• **Source records**:
————

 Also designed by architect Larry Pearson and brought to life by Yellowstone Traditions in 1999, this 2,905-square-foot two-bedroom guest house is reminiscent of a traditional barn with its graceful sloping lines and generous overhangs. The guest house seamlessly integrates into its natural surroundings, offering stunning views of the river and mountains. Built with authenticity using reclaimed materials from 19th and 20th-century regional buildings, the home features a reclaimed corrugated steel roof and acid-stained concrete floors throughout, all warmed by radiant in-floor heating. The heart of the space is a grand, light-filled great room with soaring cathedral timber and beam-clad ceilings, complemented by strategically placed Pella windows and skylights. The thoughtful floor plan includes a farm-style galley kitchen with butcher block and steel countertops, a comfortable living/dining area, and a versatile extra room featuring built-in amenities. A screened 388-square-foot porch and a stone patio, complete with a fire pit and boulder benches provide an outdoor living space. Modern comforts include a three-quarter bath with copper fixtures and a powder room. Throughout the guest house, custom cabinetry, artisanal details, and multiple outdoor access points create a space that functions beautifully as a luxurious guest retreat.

————

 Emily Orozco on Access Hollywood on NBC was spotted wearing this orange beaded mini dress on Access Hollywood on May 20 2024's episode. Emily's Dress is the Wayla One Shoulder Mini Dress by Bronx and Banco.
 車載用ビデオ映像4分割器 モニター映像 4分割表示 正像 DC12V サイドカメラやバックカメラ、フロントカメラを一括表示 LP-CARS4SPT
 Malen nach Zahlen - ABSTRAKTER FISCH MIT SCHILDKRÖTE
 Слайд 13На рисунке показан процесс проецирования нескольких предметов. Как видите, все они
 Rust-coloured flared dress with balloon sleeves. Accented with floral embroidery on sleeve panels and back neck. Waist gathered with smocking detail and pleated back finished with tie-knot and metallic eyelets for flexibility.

————

• **Problem description**: Review the preceding data and report every line that includes the string "dress".

• **Output of the task**:
 Emily Orozco on Access Hollywood on NBC was spotted wearing this orange beaded mini dress on Access Hollywood on May 20 2024's episode. Emily's Dress is the Wayla One Shoulder Mini Dress by Bronx and Banco.
 Rust-coloured flared dress with balloon sleeves. Accented with floral embroidery on sleeve panels and back neck. Waist gathered with smocking detail and pleated back finished with tie-knot and metallic eyelets for flexibility.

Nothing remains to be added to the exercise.